This month we focus our attention on the upcoming US presidential election. This is timely for two reasons. First, we are now three months out from the election. This is typically the time markets begin to focus more on the outcome. Second, we now have the July consumer confidence reading for the US. Historically, the July consumer confidence reading in an election year has been statistically significant predictor of the election outcome.
We look at the current polling, what the data is suggesting the outcome will be, how financial markets react before and after election day, and what the key policy differences are between the two parties. We finish with some potential investment implications.
It will take 270 electoral votes to win the 2020 presidential election. Incredibly, there are no fewer than 39 different polling sources for this years’ election. The average of the five most recent polls has Biden ahead of Trump by ten percentage points.
This is consistent with President Trump’s low job approval rating (chart 1).
Chart 1. Trump Job Approval Rating (%)
A president as unpopular as Donald Trump has never won a second term. The average job approval rating for a two-term president is 53.2%. As the chart above shows, Trump’s job approval is currently sitting at 42.4%. Indeed, no other president has had an approval rating this low in modern history.
Consumers may already know the result
Predictions around election outcomes are difficult to make and, recently at least, have not been all that accurate. So it is with some degree of caution that we highlight an interesting relationship between consumer confidence and the election outcome. TS Lombard, an independent research provider, found that in election years, the result in November tends to follow the Conference Board Consumer Confidence Survey measured in the previous July.
On average, if consumer confidence in July is below 92, the incumbent party has lost the election; if it is above 98, the incumbent has won. In other words, a party in charge of a faltering economy has never been re-elected.
The July Conference Board Consumer Confidence survey was released last Tuesday. The result came in at 92.6, just above the 92.0 threshold.
The chart below shows the annual change in that same consumer confidence index when the incumbent was defeated. The current reading of -31.8% is significantly below the average when previous incumbents were defeated (chart 2).
Chart 2. July consumer confidence (yoy%) when incumbent defeated
So while predictions are difficult to make, Trump’s current combination of weak consumer confidence and weak job approval does not bode well for the Republicans.
Financial market response
We look at what happens to US and international equities, US bond yields and the AUD/USD exchange rate before and after a presidential election. Our data set goes back to the 1936 election for US equities, the 1964 election for US bonds, and the 1972 election for international equities and the AUDUSD exchange rate.
Chart 3 shows how the US S&P500 performed in the 6 months prior to election day (ED) and in the 6 months following. The heavy black line is the average across the 21 elections studied and the red line is the tracking for the current election year.
Two things are clear from this chart. First, the average is weighed down by the 2008 global financial crisis.

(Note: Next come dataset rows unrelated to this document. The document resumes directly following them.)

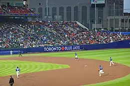 Due to the COVID-19 pandemic and associated travel restrictions, the team played 38 games at their spring training home of TD Ballpark in Dunedin, Florida,[1] instead of returning to their normal home of Rogers Centre in Toronto, with the hope of moving back once Canada–U.S. travel restrictions are eased. The team then began playing their home schedule at Sahlen Field in Buffalo, New York (their home in 2020) in June.[2][3] On July 30, the Blue Jays returned to Rogers Centre for the first time since the 2019 season.[4]
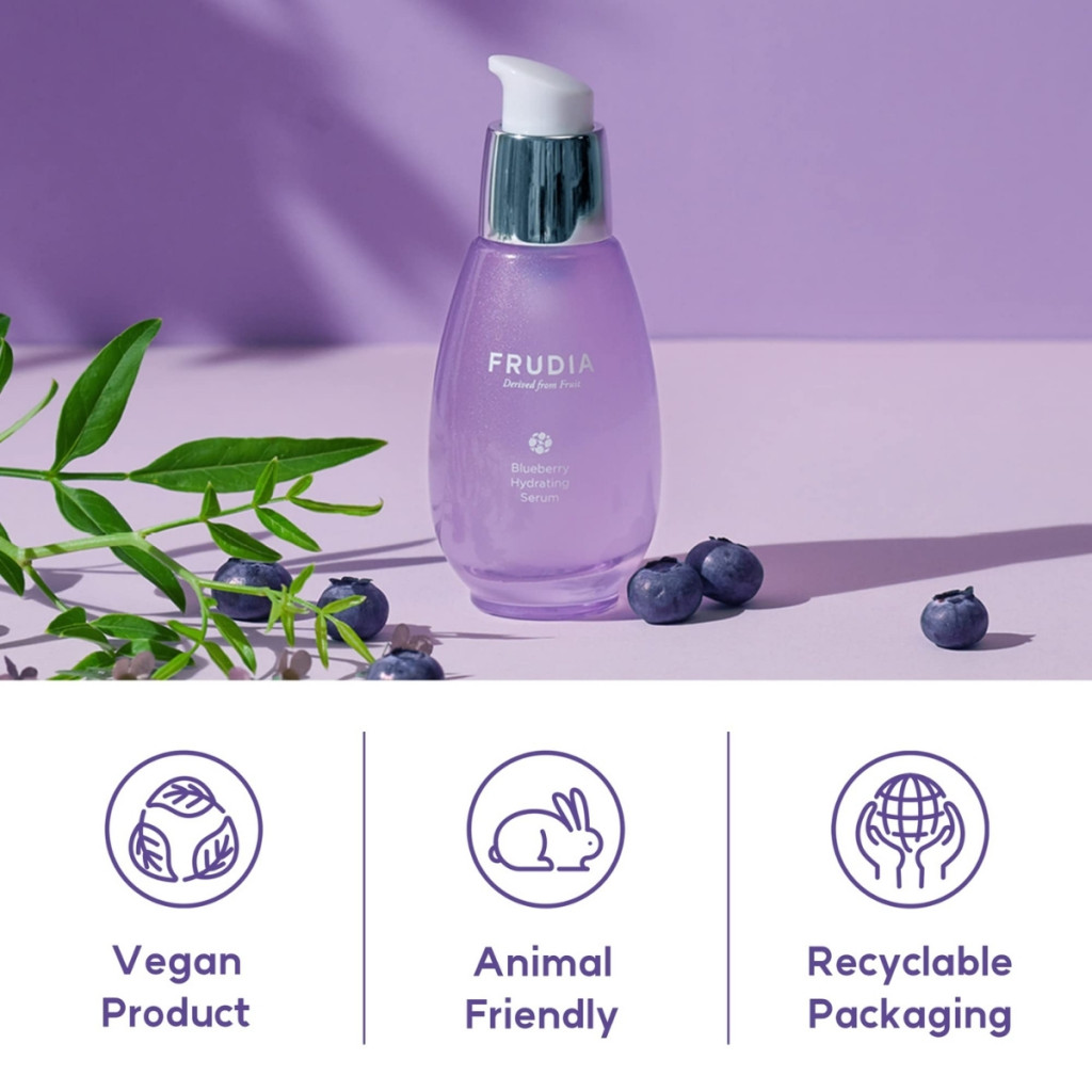 FRUDIA Blueberry Hydrating Serum - Hidratáló arcszérum 50ml – Célzott ápoló, amely segít visszaadni a bőr komfortját és rugalmasságát. Segít fenntartani a hidratáltságot és az egységesebb bőrtónust.
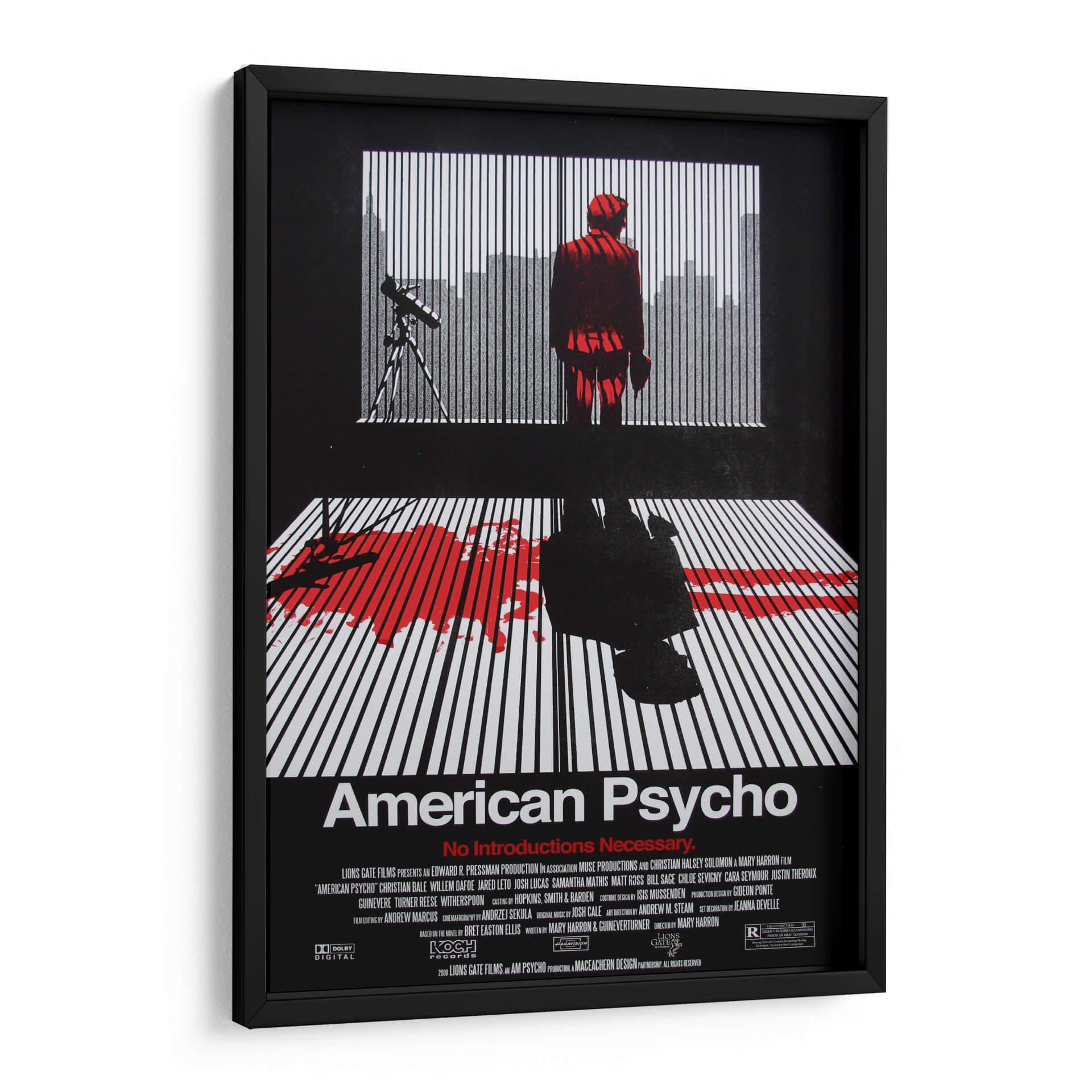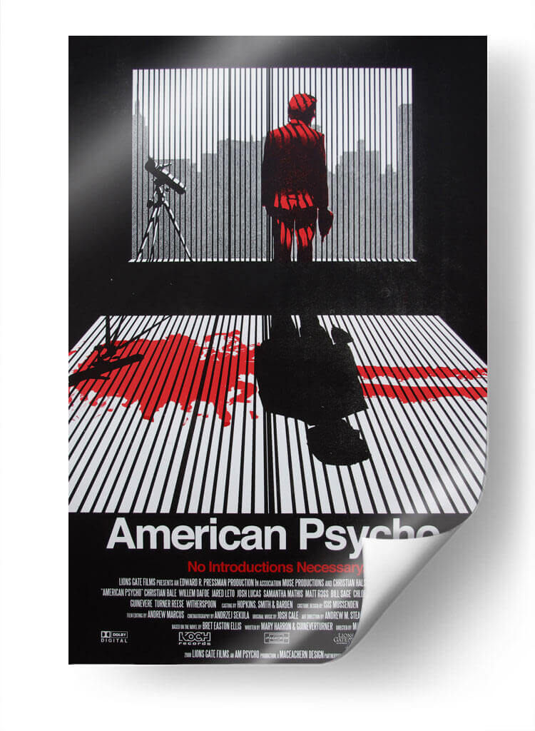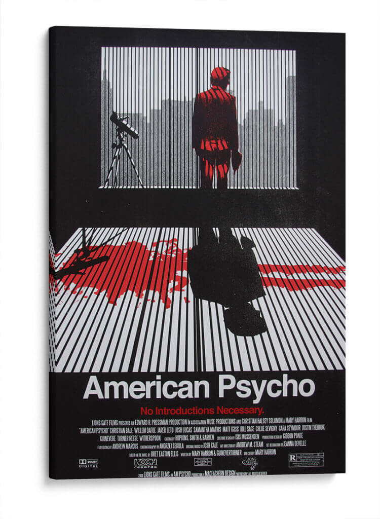 Sumérgete en el oscuro y fascinante mundo de "American Psycho" con este impactante cuadro decorativo. La obra captura la esencia inquietante de la película, presentando una figura solitaria en un traje rojo vibrante parada frente a una ventana con persianas, con una silueta urbana difuminada al fondo. La composición se ve intensificada por la mancha de sangre roja sobre un suelo de líneas blancas y negras, evocando una atmósfera de suspense y misterio. Los contrastes dramáticos entre el negro profundo, el blanco nítido y el rojo sangre crean una pieza visualmente poderosa que no dejará indiferente a nadie. Este cuadro decorativo es ideal para amantes del cine de culto y para aquellos que buscan añadir un toque audaz y reflexivo a su decoración, ya sea en una sala de estar moderna, un estudio o un espacio de entretenimiento. Transmite una sensación de intriga psicológica y un estilo contemporáneo, perfecto para inspirar conversaciones y crear un punto focal único en cualquier habitación. Añade esta pieza cinematográfica a tu colección y deja que su intensidad transforme tu espacio vital.

Excluding this, US equities tend to rise 4.5% in the 6 months leading up to the election and rise a further 3.1% in the 6 months after.

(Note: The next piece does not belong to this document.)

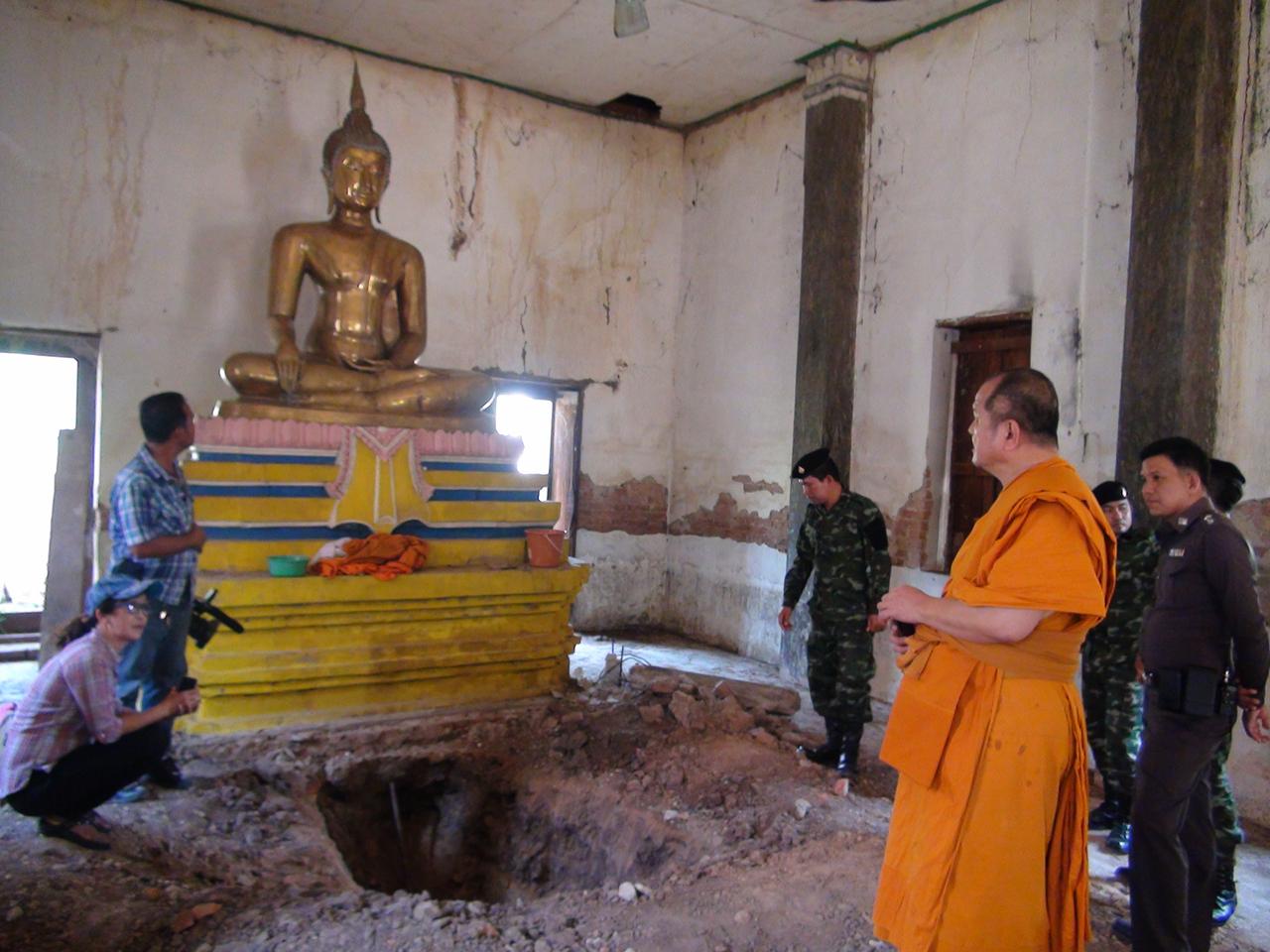 จากการตรวจสอบภายในโบสถ์เก่าของวัด พบว่าที่บริเวณฐานพระประธาน มีร่องรอยถูกขุดเป็นหลุม กว้างประมาณ 2 เมตร ลึกประมาณ 2 เมตร และมีรอยขุดเป็นโพรงเข้าไปใกล้ถึงใต้ฐานพระ มีจอบคาอยู่ที่ปากหลุม นอกจากนี้ บริเวณใบเสมามีการเคลื่อนย้ายออก เพื่อขุดหลุม รวมถึงที่หน้าโบสถ์ พบลูกนิมิตเนื้อหินทราย จำนวน 5 ลูกวางเรียงกันอยู่

Second, the current market is tracking well ahead of the average of the previous election years. Indeed, just two years exceed the current trajectory – 1936 and 1980.
On average, US equities have performed better in the 6-months following election day under a Democrat victory. This is particularly the case when 2008 is removed from the sample (+4.0% vs +2.2% under a Republican victory).
Elections rarely are the sole key driver of equity market performance, however. The domestic economy and financial conditions in particular play a far greater role. This goes some way to explaining the outsize result for the current year.
Chart 3. S&P500 performance in previous elections
Chart 4 shows the same analysis for global equities.
The lower bound of the dispersion is again captured by the performance in 2008 while the upper extreme, against which the current performance of global equities is tracking closely, was 1980. On average, global equities underperformed very slightly in the leadup to election day and outperformed by 3.6% in the 6 months after.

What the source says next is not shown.